A Balanced Budget Consensus - The American Spectator | USA News and Politics
A Balanced Budget Consensus
by

It is central to a free society that every man owns his own soul. Thus the First Amendment guarantees freedom of religion.

A free society must not live in fear of the state: hence the Second Amendment.

We do not trust democracy or the separation of powers to protect freedom of religion or of the press, or the right to keep and bear arms. In those cases, the Constitution was specifically amended to highlight the danger and protect us.

Then where in the U.S. Constitution, designed primarily to limit the power and scope of the federal government, is there a limit to the size and cost of the state?

Did everyone in Philadelphia just assume this was understood? Sort of the way they forgot to mention property rights–because everyone assumed they were assumed?

For at least 30 years now, conservatives have been working to enact a Balanced Budget Amendment (BBA) to the federal Constitution to prohibit or limit Congress’s ability to borrow money.

In 1975, the National Taxpayers Union, founded by James Dale Davidson and William Bonner, despaired of two-thirds of the 435 congressmen and two-thirds of the 100 senators actually passing a BBA and sending it out to be ratified by the required three-fourths of the states.

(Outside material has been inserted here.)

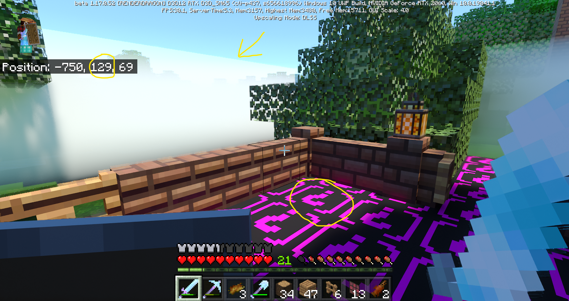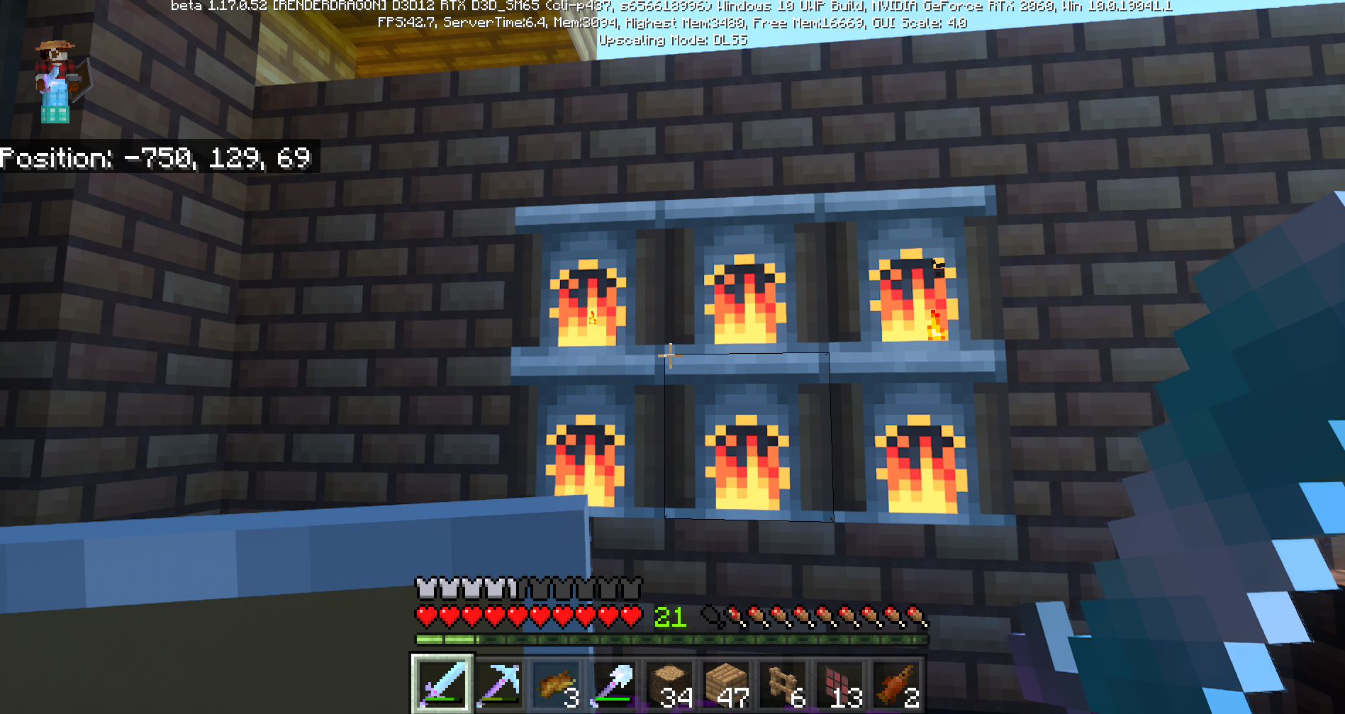 While on the ground level, the altitude now reads 128, 129. Items that were in the furnace when I last played are no longer there, but when looking at the furnace it appears that something cooking.

Instead, NTU began a drive to exercise the portion of Article V of the Constitution that allows two-thirds (34) of the state legislatures to call for a constitutional convention to propose an amendment that would then become part of the Constitution only when ratified by three-quarters (38) of the states. Such a maneuver has never been successful in the history of the U.S.

NTU reasoned that the problem was Congress’s spending, so the states would use the Constitution’s second method of amending itself to bypass Congress entirely.

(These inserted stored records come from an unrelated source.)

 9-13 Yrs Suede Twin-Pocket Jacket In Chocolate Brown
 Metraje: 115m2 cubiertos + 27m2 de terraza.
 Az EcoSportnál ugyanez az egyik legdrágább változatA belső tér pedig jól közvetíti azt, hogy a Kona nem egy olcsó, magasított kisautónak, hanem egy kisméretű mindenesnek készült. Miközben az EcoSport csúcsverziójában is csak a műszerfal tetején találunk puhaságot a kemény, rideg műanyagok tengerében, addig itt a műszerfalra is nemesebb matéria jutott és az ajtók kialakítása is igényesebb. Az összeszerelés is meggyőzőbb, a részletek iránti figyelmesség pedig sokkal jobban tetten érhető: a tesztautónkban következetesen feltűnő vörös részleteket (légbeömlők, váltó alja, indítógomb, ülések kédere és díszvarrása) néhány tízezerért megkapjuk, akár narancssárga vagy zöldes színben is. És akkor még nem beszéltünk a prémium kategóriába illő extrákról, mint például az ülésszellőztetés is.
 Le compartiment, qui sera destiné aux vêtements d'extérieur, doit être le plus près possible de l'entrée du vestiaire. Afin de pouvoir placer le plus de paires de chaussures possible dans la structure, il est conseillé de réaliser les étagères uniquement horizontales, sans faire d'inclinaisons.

It was a close run thing. Thirty-two states did eventually enact convention calls for the sole purpose of proposing a balanced budget amendment. Understandably, labor unions poured millions into the effort to derail the convention calls. Criticism also sprang from the right: Phyllis Schlafly and the John Birch Society feared a “runaway” convention that would rewrite the entire Constitution. The effort stalled, and over time many states rescinded their convention calls.

Then, in the 1980s, liberals hijacked the language of balanced budgets. Throughout the ’50s, ’60s, and ’70s it had been conservatives who denounced “deficit spending.” They had criticized government spending and viewed “deficit” as an intensifier. When Reagan’s tax reductions were enacted, however, the left borrowed the language of the right and cloaked their support for restoring higher tax rates as “deficit reduction.” Note the clever removal of the word “spending.” And opposition to “deficits” became the bumper sticker argument against tax cuts and for tax hikes. “Deficit Hawks” has ever since been the preferred label for tax increasers, just as abortion advocates prefer to be called “pro-choice.”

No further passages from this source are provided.